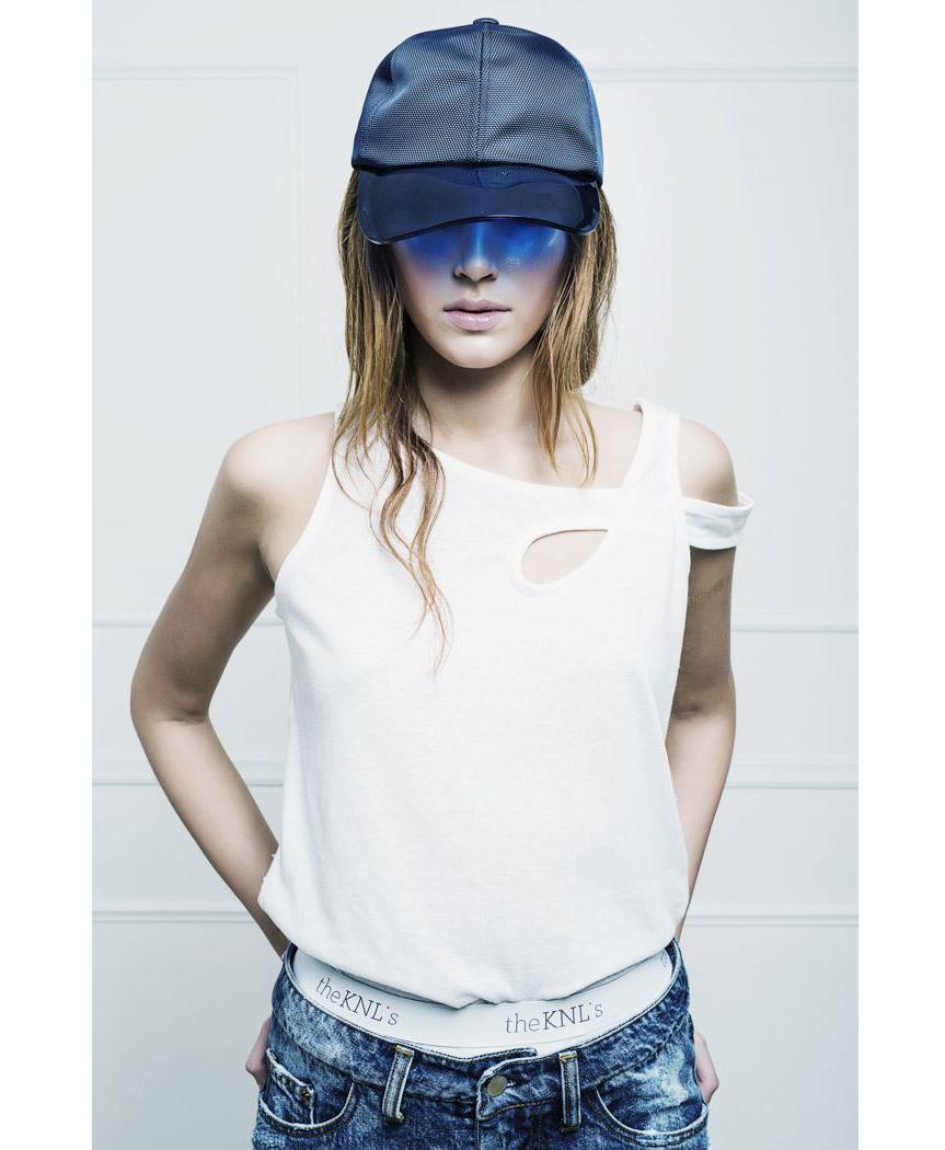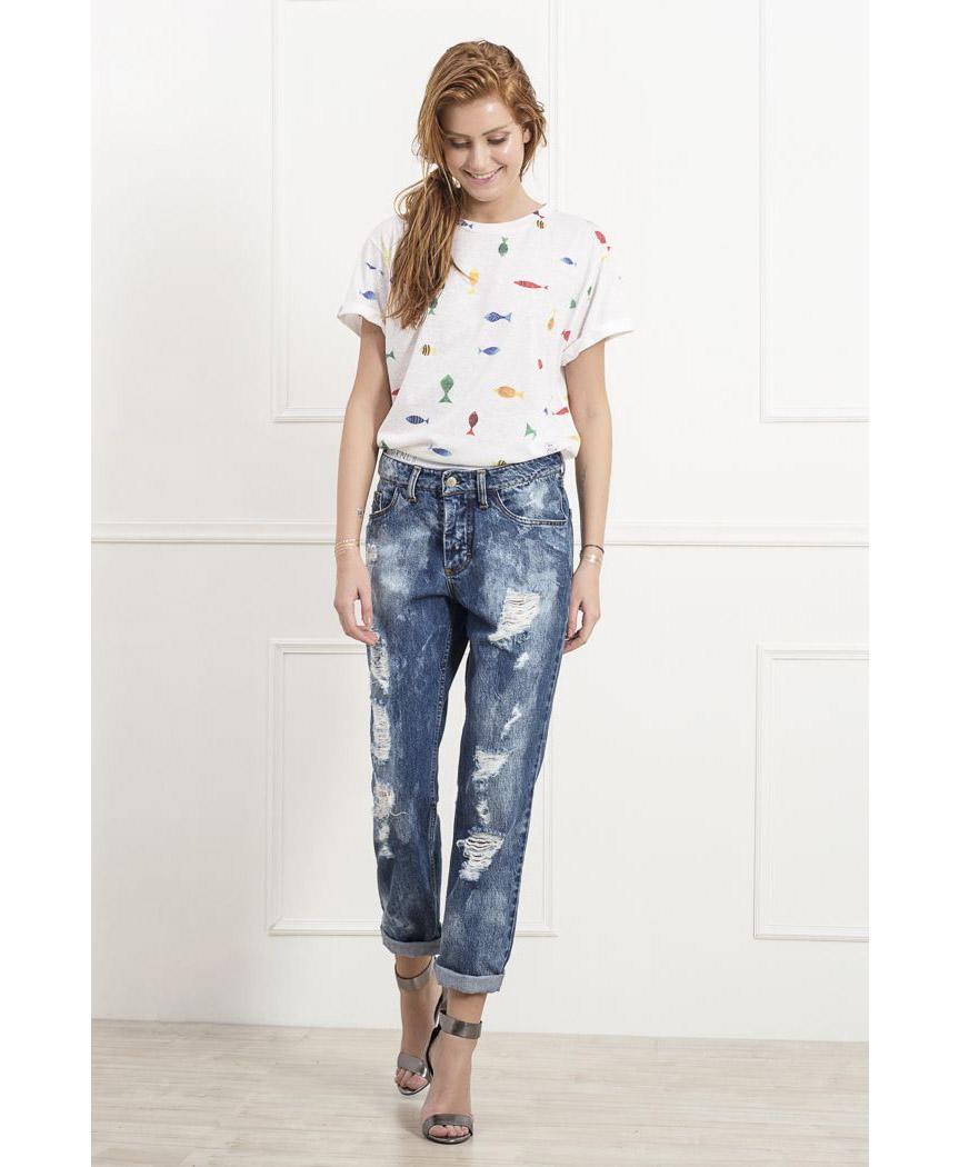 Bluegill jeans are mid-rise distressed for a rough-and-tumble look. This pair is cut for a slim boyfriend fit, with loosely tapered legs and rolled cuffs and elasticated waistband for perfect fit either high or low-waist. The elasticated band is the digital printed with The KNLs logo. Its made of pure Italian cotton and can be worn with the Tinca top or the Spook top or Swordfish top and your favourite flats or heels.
··········
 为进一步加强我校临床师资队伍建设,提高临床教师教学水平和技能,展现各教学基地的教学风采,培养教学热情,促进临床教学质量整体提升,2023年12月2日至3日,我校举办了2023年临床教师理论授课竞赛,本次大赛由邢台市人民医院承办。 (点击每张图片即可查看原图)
··········
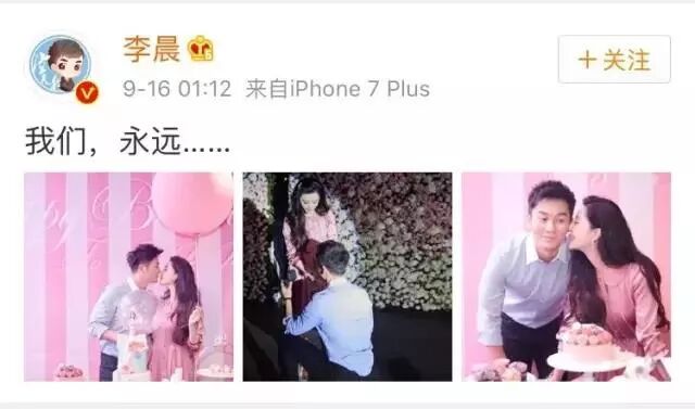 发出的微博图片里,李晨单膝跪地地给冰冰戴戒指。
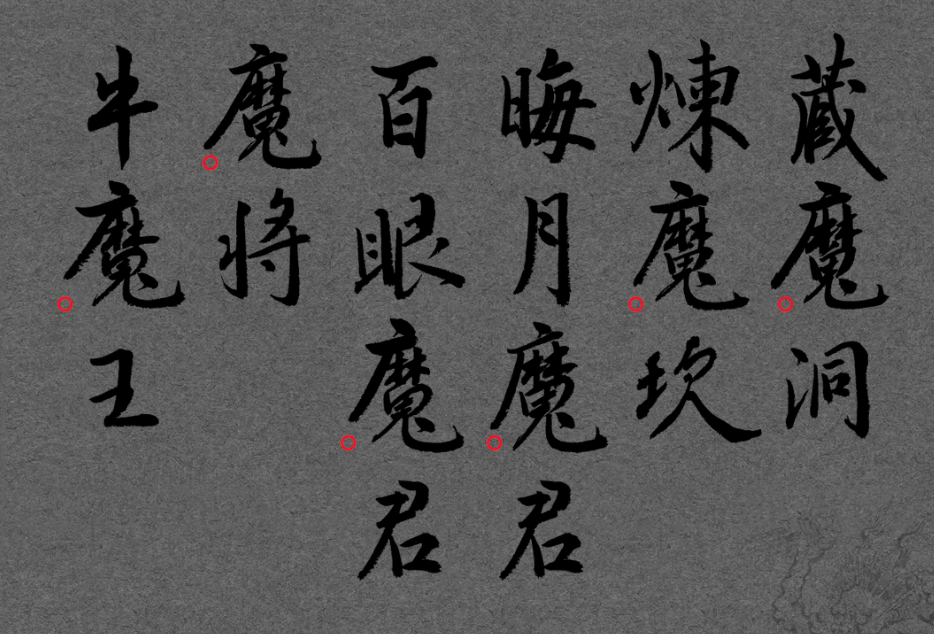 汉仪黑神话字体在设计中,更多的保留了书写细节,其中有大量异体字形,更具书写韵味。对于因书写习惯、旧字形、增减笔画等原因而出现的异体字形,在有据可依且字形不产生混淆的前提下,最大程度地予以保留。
··········
[What you are asked to do]:
Would you write out exactly the lines above, starting at the line containing "发出的微博图片里,李晨单膝跪地地给冰冰戴戒指。" and stopping after the line containing "汉仪黑神话字体在设计中,更多"? Omit the pictures.

[Exercise answer]:
 发出的微博图片里,李晨单膝跪地地给冰冰戴戒指。
 汉仪黑神话字体在设计中,更多的保留了书写细节,其中有大量异体字形,更具书写韵味。对于因书写习惯、旧字形、增减笔画等原因而出现的异体字形,在有据可依且字形不产生混淆的前提下,最大程度地予以保留。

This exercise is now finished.